There is now more research than ever on heatwaves, droughts, and desertification. Several scientists and organizations are working on solutions to these problems. NASA's research shows that if the current drought situation continues, the intensity of drought worldwide will increase by about 50% by the end of the 21st century. A study conducted by the Center for Atmospheric Pollution Studies (CAPS) on 36 locations in Dhaka city found that the highest average temperature of 42 degrees Celsius in April 2024 was recorded in Uttara Sector-13, while the lowest average temperature was recorded in Nayapaltan at 37 degrees Celsius. This means there was a 5-degree Celsius difference in average temperature between Uttara Sector-13 and Nayapaltan areas due to the presence of fewer trees and wetlands. CAPS research also observed that areas with green presence have comparatively lower temperatures, and the commercial regions have higher temperatures due to the lack of vegetation and wetlands. The study also found that the average temperature in 2024 increased by approximately 4 degrees Celsius compared to the average temperature in 2017. Desertification is causing a temperature rise, and again this temperature rise is accelerating desertification and soil degradation.

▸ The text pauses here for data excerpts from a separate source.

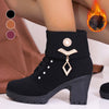 Women's Chunky Heeled Ankle Boots with Rhinestone Decor
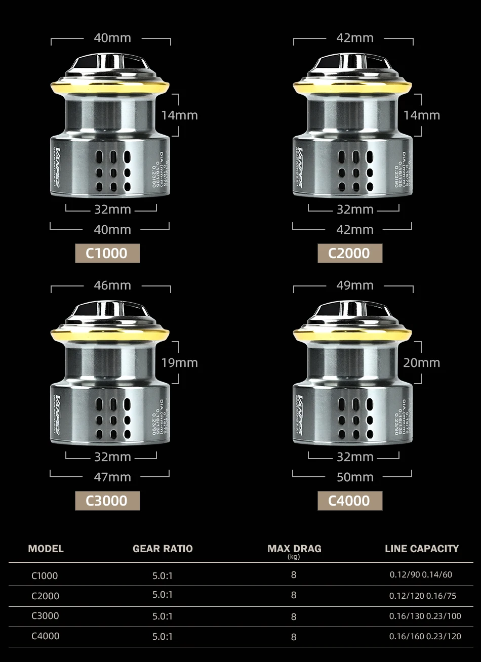 • Alta fuerza de frenado: Con una fuerza de frenado de 8 kg, este carrete puede manejar incluso los peces más duros con facilidad.
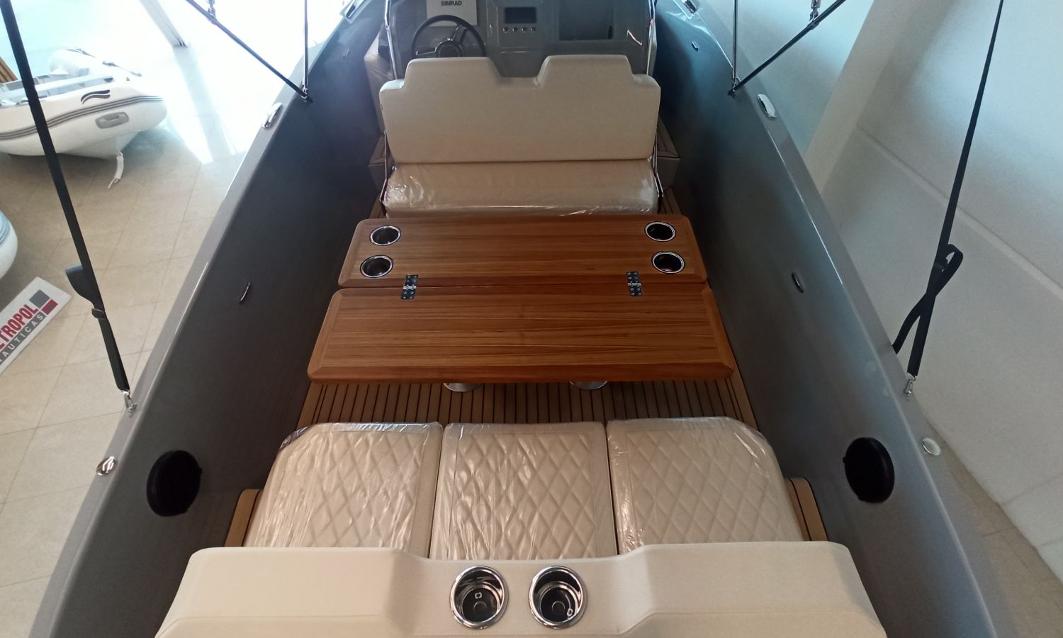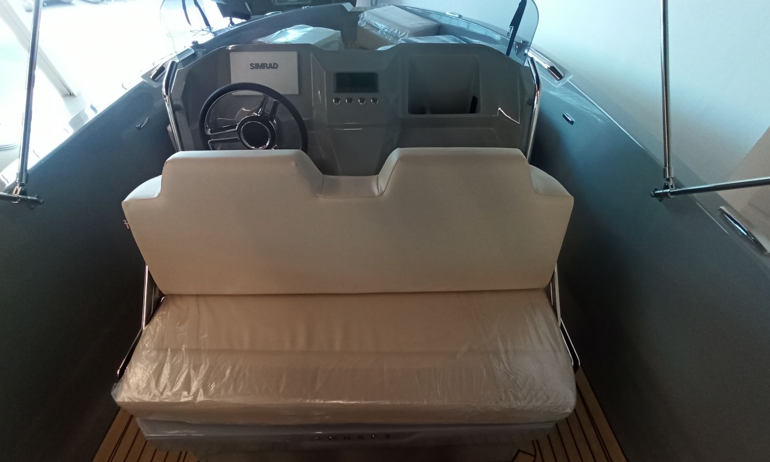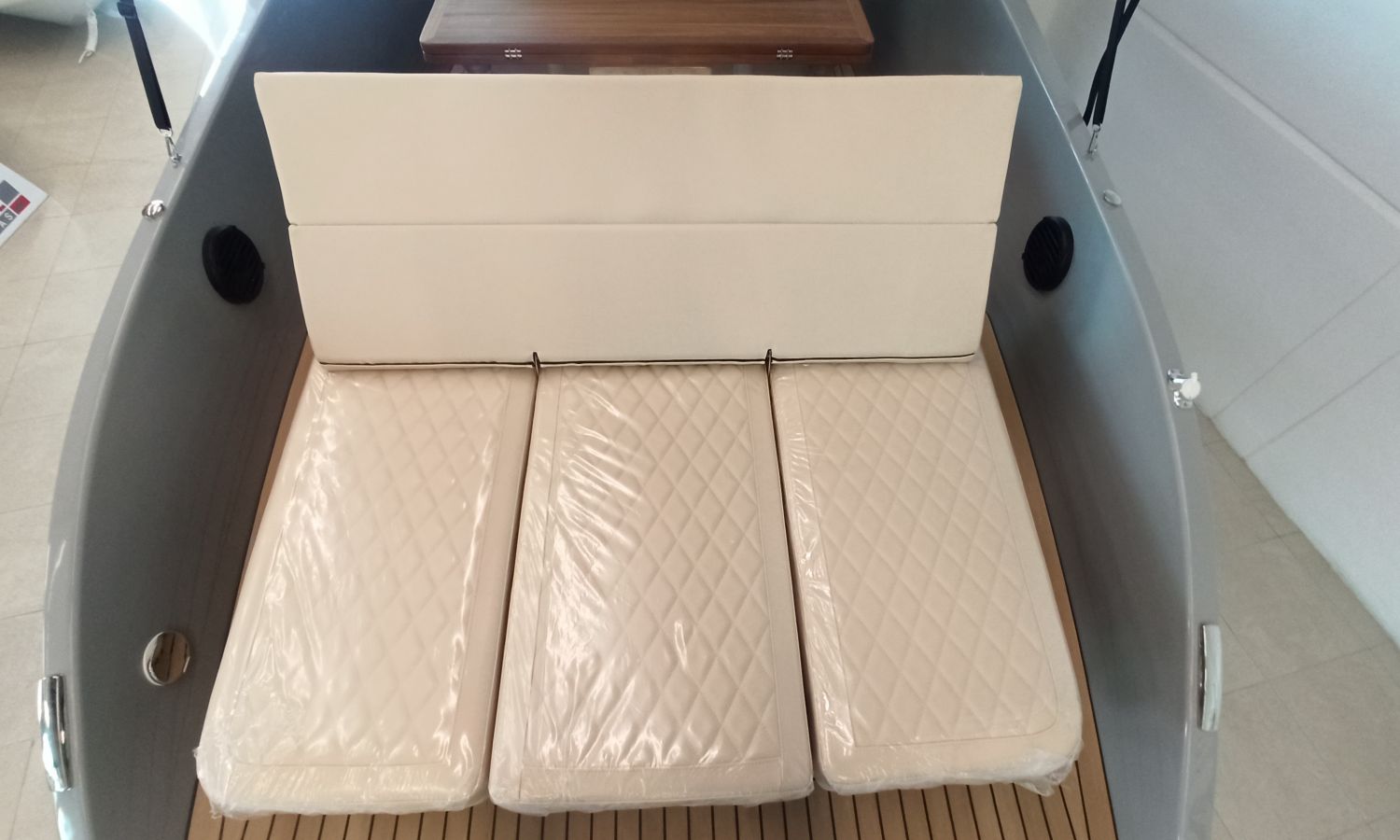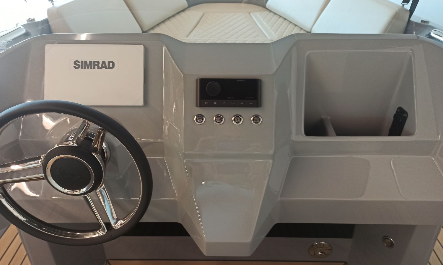 HULL COLOUR TITANIUM - DIAMOND CREEM UPHOLSTERY - WATER SPORTS HOOK - 4 STAINLESS STEEL CUP HOLDERS ON COCKPIT TABLE - STERN SHOWER - FENDERS + BRACKETS - LED LIGHTING IN COCKPIT - PREMIUM BATHING LADDER - BOW SUNDECK - BATTERY CHARGER - SUNDECK IN COCKPIT - FRIDGE IN BOW HATCH - BIMINI TOP - AUTOMATIC FLAPS-,SHIPYARD TRANSPORT - COSTA-BRAVA - MOTOR INSTALLATION + PRE-RIGGING -Boat description
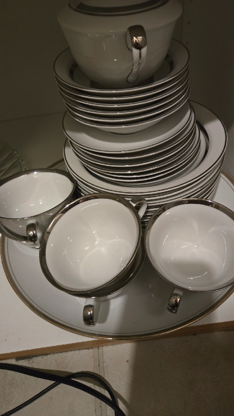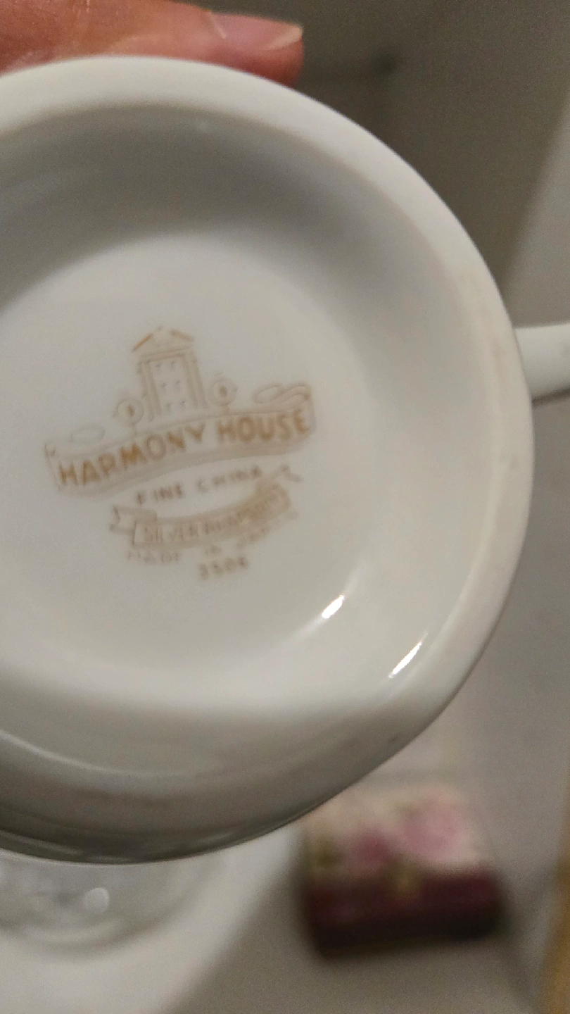 21Selling a Harmony House fine china set. It includes plates, cups, ..etc The set features a silver trim.

The first step to controlling the increasing temperature, drought, and desertification is extensive tree planting and increasing afforestation activities. Trees help control temperature and maintain soil moisture. Along with ornamental plants on road dividers, various beneficial trees, such as fruit trees, medicinal plants, and timber trees, should be planted based on land type. Roof gardening should be increased. Tree cutting should be reduced to zero. A forest area directly reduces heat and carbon emissions. Special measures should be taken to conserve water. Rainwater harvesting and modern irrigation methods should be used. Encroached wetlands should be recovered, and the number of new reservoirs should be increased. No structures should be built by filling wetlands. Nature based solution should be prioritized instate of promoting dam, cordon and sluice gate. Necessary measures should be taken through policy change and law enforcement if needed. Drought-resistant crops should be cultivated using sustainable technologies and methods. Modern irrigation methods should be applied to conserve water. White paint (SRI) can be used on roads to control temperature. Adequate passenger shelters and emergency heat relief centers should be arranged. Population control is necessary, and the excess population should be reduced from urban areas by decentralizing the administrative activities. Burning plastic and other waste indiscriminately should be avoided, and plastic waste should be managed properly. The use of fossil fuels should be, and the use of renewable energy should be increased. Urban planning should be done considering the local geographical characteristics, natural environment, and public policies. Awareness should be created about the harmful effects of heatwaves and drought, and preventive measures should be encouraged. Weather forecasts and climate change information should be collected using modern technology. This will allow us to be prepared in advance. With our collective efforts, we can fight against the disasters of heatwaves, drought, and desertification. We must move forward on the path of sustainable development while maintaining harmony with nature.

Professor Dr. Ahmad Kamruzzaman Majumder, Dean, Faculty of Science, Professor, Dept. of Environmental Science, Stamford University Bangladesh, Joint Secretary, Bangladesh Poribesh Andolon (BAPA) and Chairman, Center for Atmospheric Pollution Studies (CAPS).